A example retirement plan

Finally, we present a good retirement (403b) plan THE UNIVERSITY OF PENNSYLVANIA MATCHING PLAN. The plan provides several investment options including from TIAA-CREF and Vanguard. The link above is for Vanguard’s funds. It covers the major asset classes mentioned above and it’s average fund expense ratio is 0.28% because of the inexpensive Vanguard (index) funds. This plan has a MyPlanIQ’s plan rating 89 out of 100:

Market Overview

Stocks, bonds and gold are maintaining their high level after a mini-scare from last Friday’s Federal Reserve’s statement. At this juncture, several major key factors are interplayed: president election year politics, extended (overvalued) stock/bond market and Federal Reserve’s desperate attempt to raise interest rate so that it can resort to interest rate policy when the next recession hits. A popular belief at the moment is that markets will be on hold till the election is over. However, whether the over-extended markets can sustain for that long is by no means guaranteed. 

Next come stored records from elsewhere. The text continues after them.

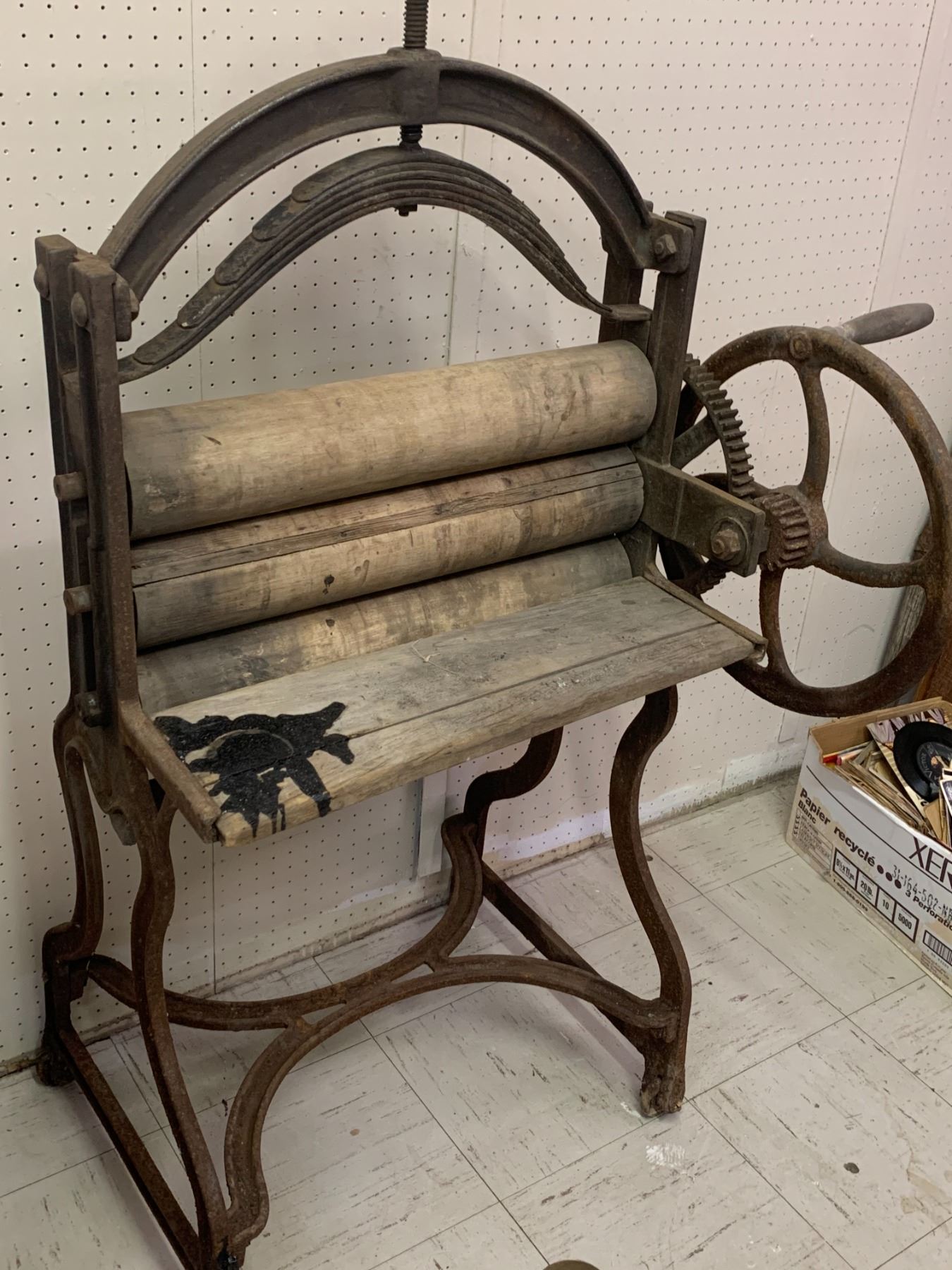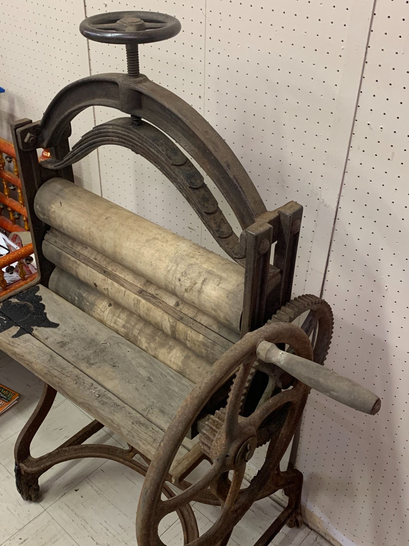 LARGE LAUNDRY WRINGER PRESS STANDS 54" TALL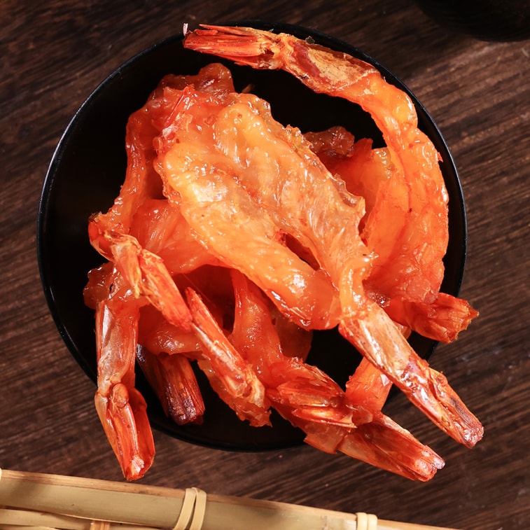 Fresh roasted open back shrimp dry reduced sugar low fat roasted shrimp high protein seafood snack 48g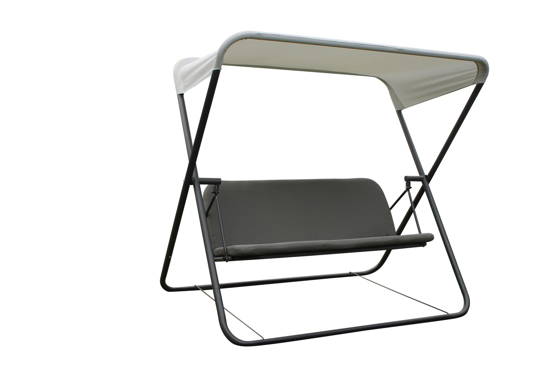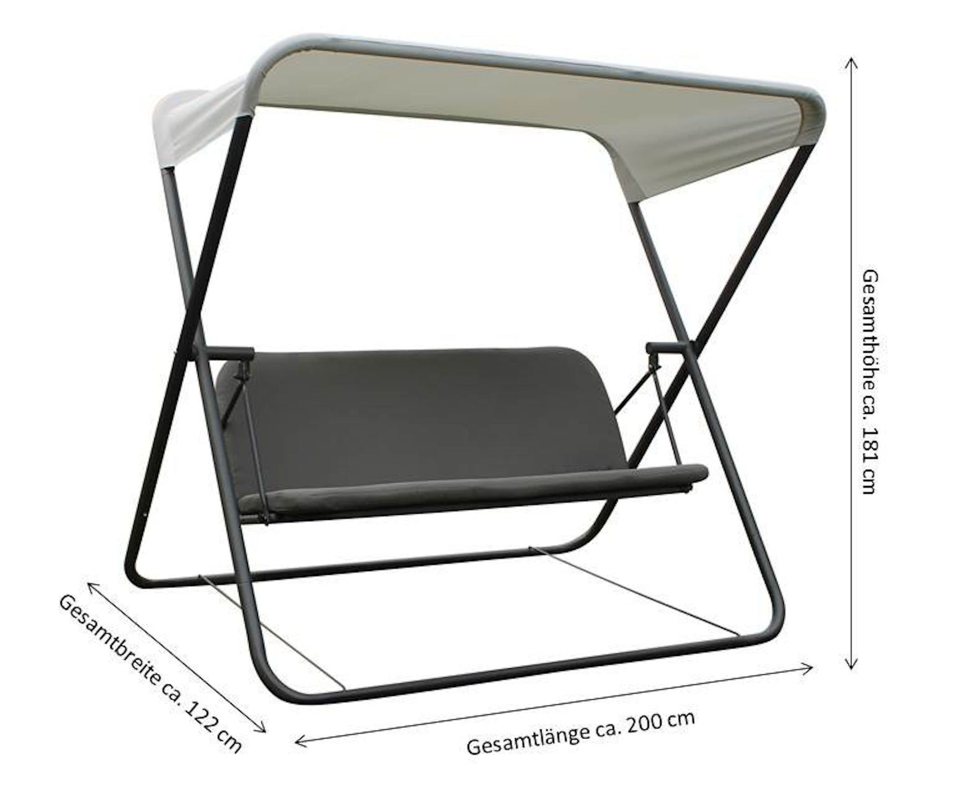 Das Gestell der Hollywoodschaukel besteht aus stabilem Stahlrohr mit einer Pulverbeschichtung in einem eleganten Anthrazit-Ton. Diese Beschichtung schützt das Gestell vor den Elementen und verleiht ihm eine lange Lebensdauer. Die Sitzfläche ist aus hochwertigem Textilen in Grau gefertigt, was nicht nur bequem ist, sondern auch strapazierfähig und wetterbeständig.
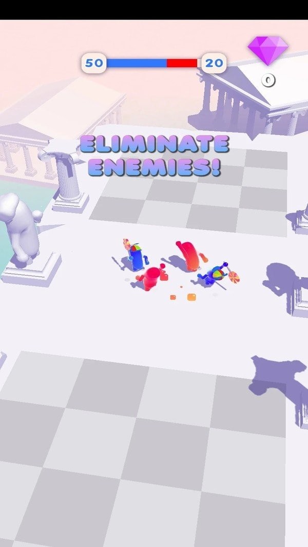 它们也变得越来越难缠,所以同时面对多个果冻人的攻击,需要灵活的移动棍棒,考验玩家的走位技巧;

For more detailed asset trend scores, please refer to 360° Market Overview

We would like to remind our readers that since the financial crisis in 2008-2009, we have not seen substantial structural change in the U.S., European and emerging market economies. Economies have heavily relied on low interest debts. Capital might be misallocated to unproductive investments and consumption. U.S. stock valuation is at a historically high level. It is thus not a good time to take excessive risk. However, we remain optimistic on U.S. economy in the long term and believe much better investment opportunities will arise in the future. 

We again would like to stress for any new investor and new money, the best way to step into this kind of markets is through dollar cost average (DCA), i.e. invest and/or follow a model portfolio in several phases (such as 2 or 3 months) instead of the whole sum at one shot.